Monde

Les fondamentalistes chrétiens ont maintenant leur Musée de la Bible

Temps de lecture : 6 min

La famille Green, très proche des évangélistes, a mis le paquet pour brouiller encore un peu plus la frontière entre religion et pouvoir politique aux États-Unis.

Des visiteurs concentrés | ALEX WONG / GETTY IMAGES NORTH AMERICA / AFP
Des visiteurs concentrés | ALEX WONG / GETTY IMAGES NORTH AMERICA / AFP

En novembre, un nouveau musée a ouvert ses portes à Washington, à seulement trois rues du Capitole qui abrite le Congrès. La capitale fédérale américaine concentre déjà une impressionnante liste de musées pour la plupart publics, mais c’est la première fois qu’une institution privée, à forte vocation religieuse, s'installe au coeur même du pouvoir politique américain. Le Musée de la Bible n’est pas comme les autres.
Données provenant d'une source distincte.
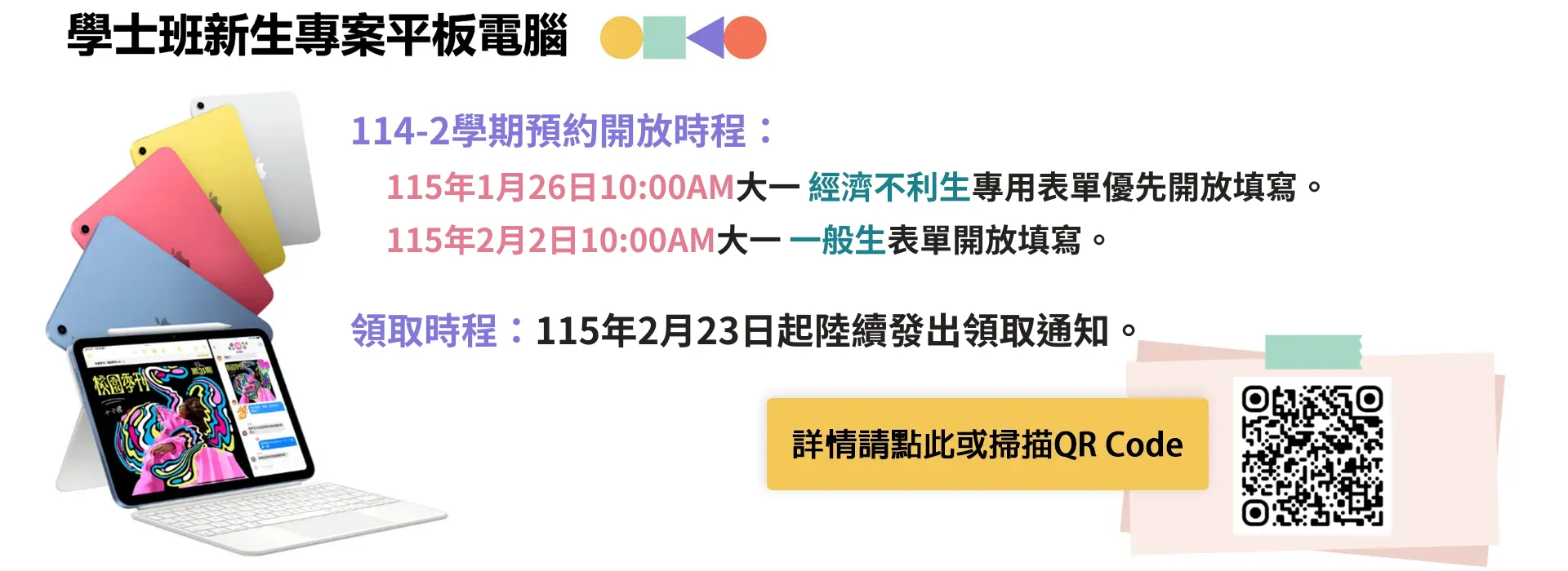 114-2學期大一新生平板借用申請即將開放

Son existence même et le lieu de son implantation ont une signification politique. Les fondamentalistes chrétiens sont aujourd'hui présents symboliquement dans le Saint des Saints de la vie politique américaine.

Une nouvelle oeuvre de la famille Green

L’immeuble moderne en zinc et verre de huit étages a été voulu et financé par les Green, une famille originaire d'Oklahoma City, une cité du Middle West. Ils ont fait fortune avec une chaîne de magasins de loisirs créatifs, Hobby Lobby, qui compte aujourd’hui près de 800 enseignes réparties sur le territoire américain. Une chaîne qui refuse que ses employés travaillent le dimanche, pour «honorer le Seigneur dans tout ce que nous faisons en dirigeant l’entreprise d'une manière conforme aux principes bibliques». Le patrimoine des Green est estimé à 4 milliards de dollars.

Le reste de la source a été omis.